In this section we desribe our approach of evaluation of the Intent Recognition System.

The broad components that we test in our intent recognition system are shown in the diagram below:

Evaluation Framework for Intent Recognition System

LabelDescription
User queryThis is the message sent by the user to our platform and we use this during our qualitative evaluations
Predicted IntentThis is the output of the GPT model given the prompt and the user message as the input
PromptThe instruction given to the LLM to execute
Ground-truth IntentThis is the ground-truth intent based on the dataset we have and has been annotated by our in-house Medical Support Executive team
ComparisonThis is a boolean comparison between the predicted intent and the ground-truth intent
note

A confusion matrix represents the predictive performance of a model on a dataset. For a binary class dataset (which consists of, suppose, “positive” and “negative” classes), a confusion matrix has four essential components: True Positives (TP): Number of samples correctly predicted as “positive.”

note

F1 score is the weighted average of precision and recall. In our analysis, F1 score is more useful than accuracy since the cost of false positives and false negatives are very different.

Prompt

The first variable in the system is the prompt that we pass to the LLM. The prompts are version controlled, revised over time to produce the best results derived from evaluating the macro F1 score.

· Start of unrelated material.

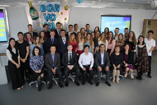 会上,盛院长向全体毕业生表达了衷心的祝贺,肯定了同学们在91制片厂 取得的成绩。盛院长希望同学们继续拼搏,扎实学术,作为校友牢记自己的第二个故乡“宁波”,常回家看看。随后,学生代表Pavel和俄罗斯教师代表Anton与全体毕业生们一起回忆了在学院渡过的美好时光,并代表全体毕业生向学院、老师们表示衷心的感谢。会后,全体毕业生和学院老师合影留念并参加了毕业派对。

Currently our prompt versions are as follows:

Version 1

Judge the intent of the text input from the following options:

"Acknowledgement",
"Medical",
"Language change request",
"Greeting",
"Spam",
"Other"

Version 2

Classify the Given user's message into one of 6 categories.
1. Acknowledgement,
2. Medical,
3. Language change request,
4. Greeting,
5. Spam,
6. Other

The input message can be in any language. If the language is not english, translate it to english and classify.

{few_shots}

Only output the category

Version 3

Classify the user's message into one of 6 categories.
1. Acknowledgement,
2. Medical,
3. Language change request,
4. Greeting,
5. Spam,
6. Other

If the language is not english, translate it to english and classify.

{few_shots}

Don't explain and only return the category as given above

Version 4

Classify the user's message into one of 6 categories.
1. Acknowledgement,
2. Medical,
3. Language change request,
4. Greeting,
5. Spam,
6. Other

If the language is not english, translate it to english and classify.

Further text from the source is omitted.